With pictures excluded, copy word for word the lines in the data below from the line containing "Рекомендации по кормлению: суточная" through the line containing "近义词:、 反义词: 联想词".

Data to examine:
■ ■ ■ ■

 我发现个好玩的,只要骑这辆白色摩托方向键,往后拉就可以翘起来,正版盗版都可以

■ ■ ■ ■

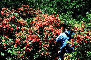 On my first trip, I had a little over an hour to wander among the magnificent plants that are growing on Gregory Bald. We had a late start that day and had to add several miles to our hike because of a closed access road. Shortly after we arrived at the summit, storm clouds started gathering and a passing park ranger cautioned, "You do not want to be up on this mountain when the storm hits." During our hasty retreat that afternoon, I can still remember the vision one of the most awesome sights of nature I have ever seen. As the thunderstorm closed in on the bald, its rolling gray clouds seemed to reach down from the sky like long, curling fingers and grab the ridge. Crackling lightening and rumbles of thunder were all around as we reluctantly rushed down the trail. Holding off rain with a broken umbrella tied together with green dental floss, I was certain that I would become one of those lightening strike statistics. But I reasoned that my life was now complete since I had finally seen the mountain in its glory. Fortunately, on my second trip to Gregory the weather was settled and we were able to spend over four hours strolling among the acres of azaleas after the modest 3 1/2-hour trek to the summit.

■ ■ ■ ■

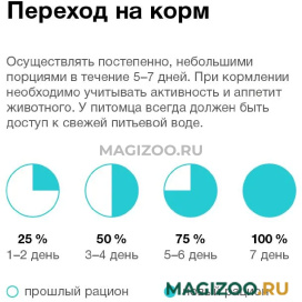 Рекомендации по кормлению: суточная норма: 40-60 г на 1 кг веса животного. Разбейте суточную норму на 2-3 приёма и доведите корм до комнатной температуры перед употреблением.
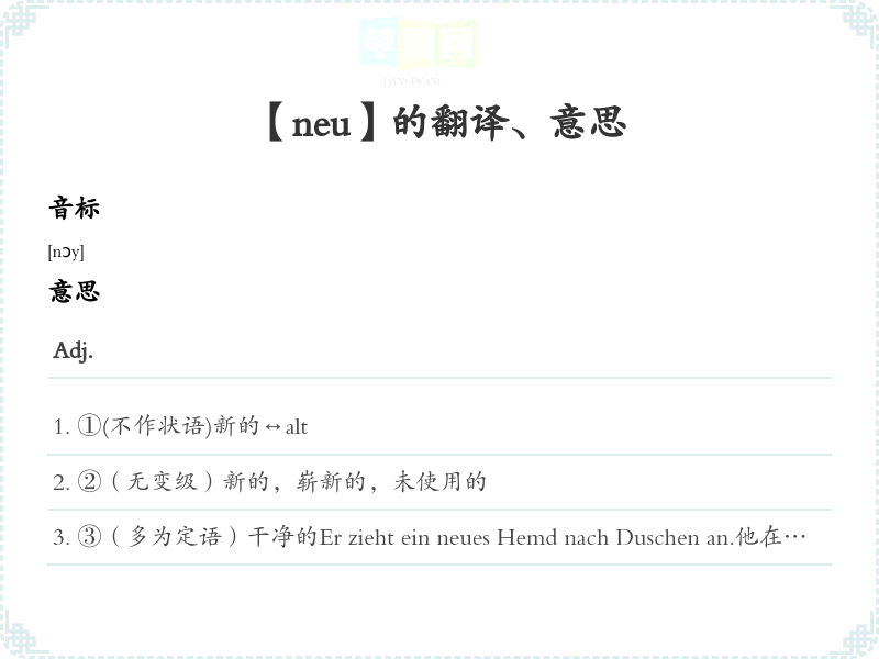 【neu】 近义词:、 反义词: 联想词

■ ■ ■ ■

Result:
 Рекомендации по кормлению: суточная норма: 40-60 г на 1 кг веса животного. Разбейте суточную норму на 2-3 приёма и доведите корм до комнатной температуры перед употреблением.
 【neu】 近义词:、 反义词: 联想词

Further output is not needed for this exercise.